Monroe already makes boomerangs out of every material possible and wants to expand Lohan’s ideas of the materials and shapes for boomerangs, he says.

He adds that any person can make a boomerang for almost nothing from two paint mixing sticks, some glue and a piece of sandpaper — all done in 30 minutes or less.

“By showing [Lohan] some designs that he may not have necessarily considered to be a boomerang shape that end up working as a boomerang will increase his joy of thinking how he might better the ones he’s making now or create new and exciting different designs,” Monroe says.

Lohan says solving problems is the best part of making the boomerangs because he feels a sense of completion when he figures it out and then moves on to the next challenge.

In the case of boomerangs, the next challenge is a new material, Lohan says.

He first made wooden boomerangs, which he described as “excellent” because, “you’re throwing a piece of wood through the air; how cool is that?”

Lohan started with wood as his first material and then moved onto plastic, which he says is cheaper to make and more dependable. He now constructs boomerangs out of carbon fiber. While he still makes all three, he focuses on making them out of carbon fiber for a lighter, longer flight because it is his newest challenge, he says.

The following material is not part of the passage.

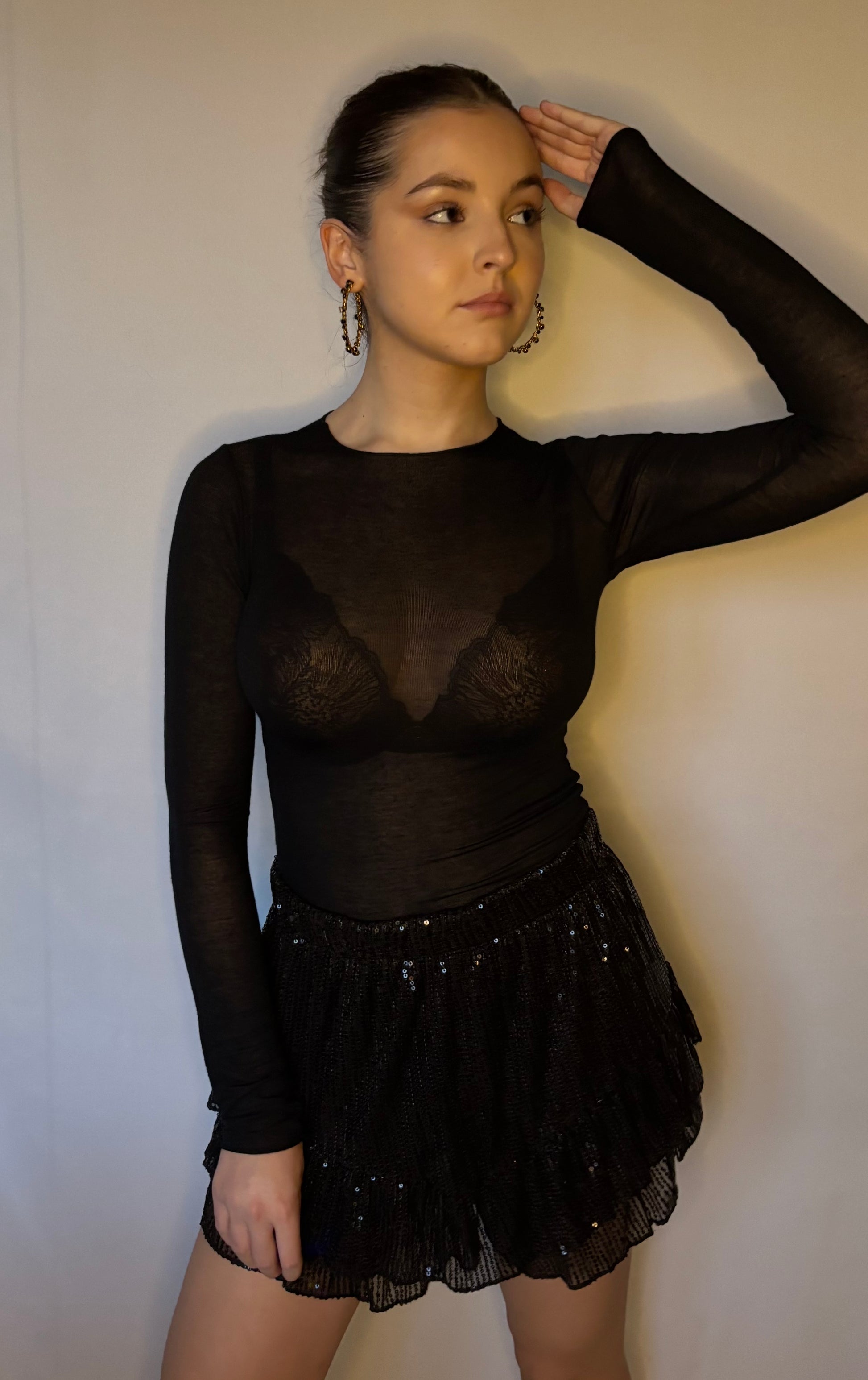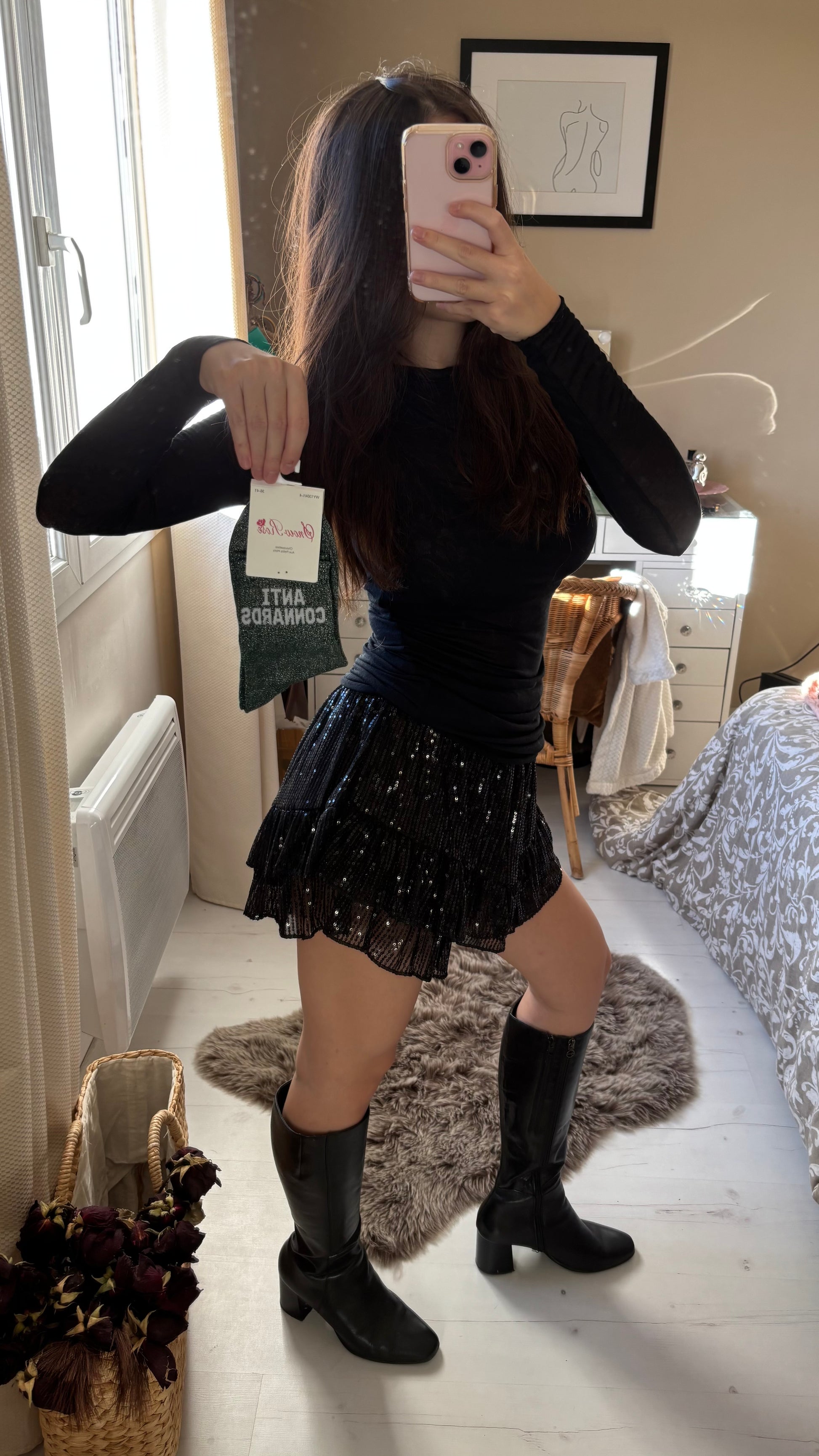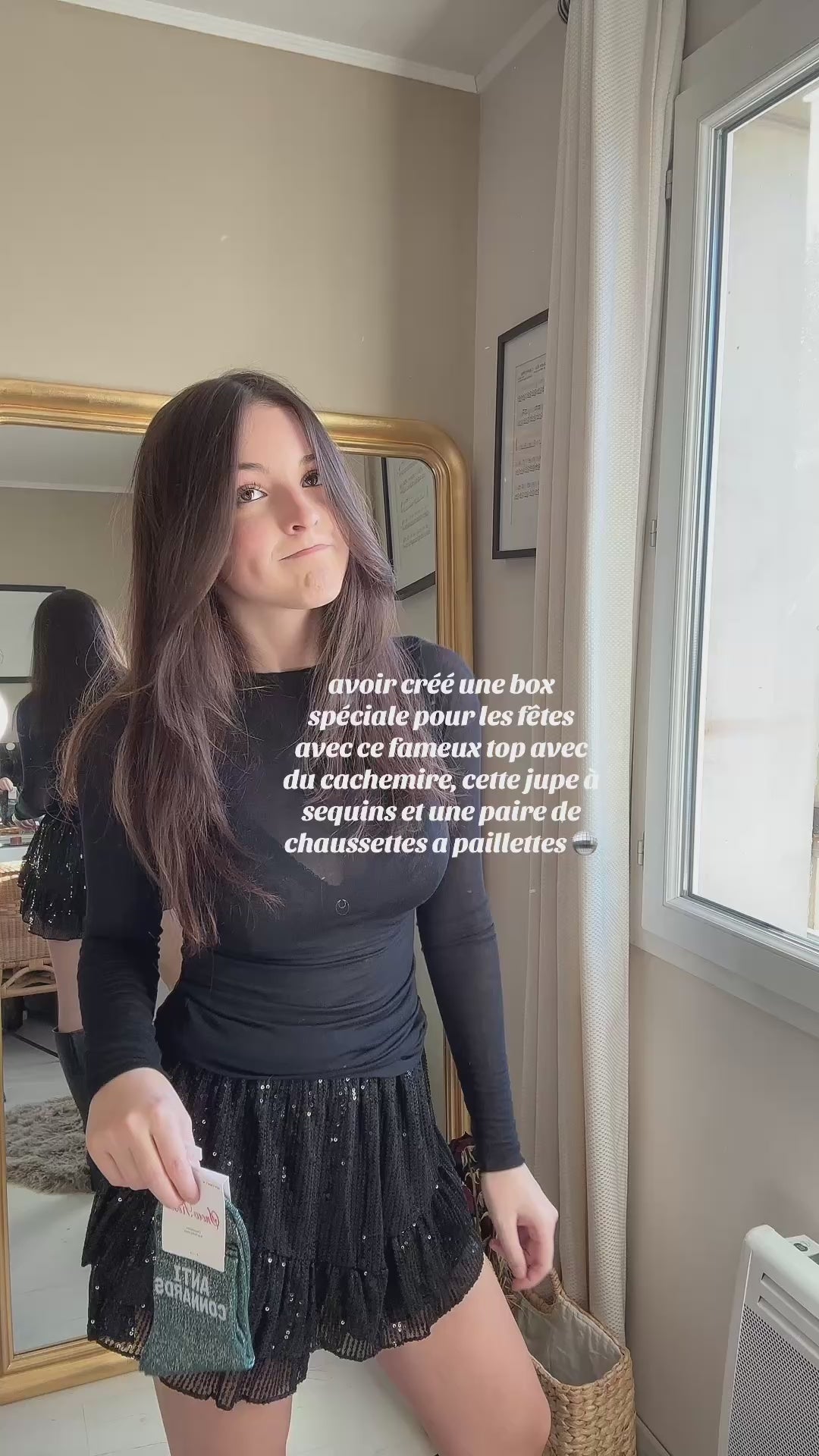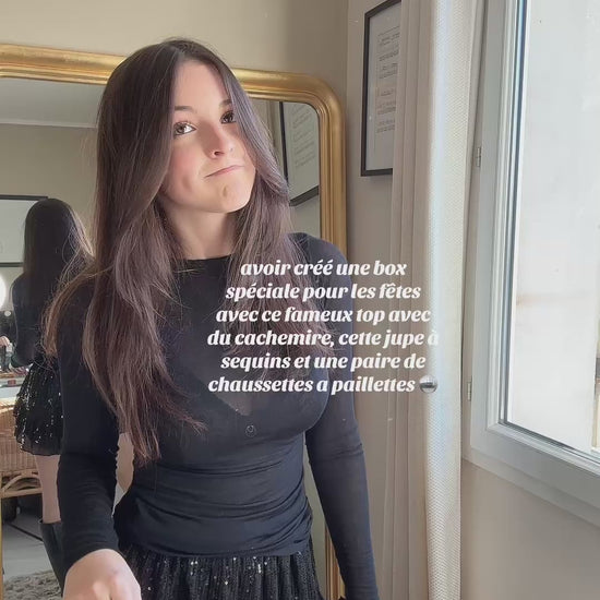 Notre box 100% Pinterest girl est composée de la fameuse jupe/short à sequins, du fameux dupe du top intimissimi effet transparent en modal et cachemire, et d’une paires de chaussettes à paillettes avec inscriptions que tout le monde s’arrache.Â

To make a boomerang out of carbon fiber, he layers the carbon fiber, a black plastic net of sorts, in a mold over a layer of balsa wood, which is layered over another layer of carbon. He keeps it in a homemade vacuum compressor for about an hour and leaves it in the mold overnight, he says.

But the science of boomerangs also blends with the art, Lohan says.

Lohan currently sells his custom boomerangs at the newly opened novelty shop, ICON, on Mill Avenue and hopes to work with local artists to create custom designs for boomerangs.

“I want to give blank boomerangs … to my artist friends and have them do the graphics for me, so they can put their stamp on it too,” Lohan says.

Mary Beth Bannon, who finds workshops and galleries for local artists and creates her own recycled art from glass, recommended Lohan and his boomerangs to the owners of ICON.

“First of all, they’re unique. Second of all, you can’t find a boomerang on Mill Avenue and third, they’re hand-made, which just gets me — it’s amazing,” Bannon says.

Lohan’s ultimate goal is for people to want to buy his boomerangs and have interest in his passion, he says.

“You spend a lot of time and energy doing this kind of thing and it’s really nice when somebody [is] interested,” Lohan says.

 

Reach the reporter at hhuskins@asu.edu

 

Correction appended.

An earlier version of this article incorrectly identified Chris Lohan as Chris Lane. Don Monroe was also incorrectly identified as Don Mason.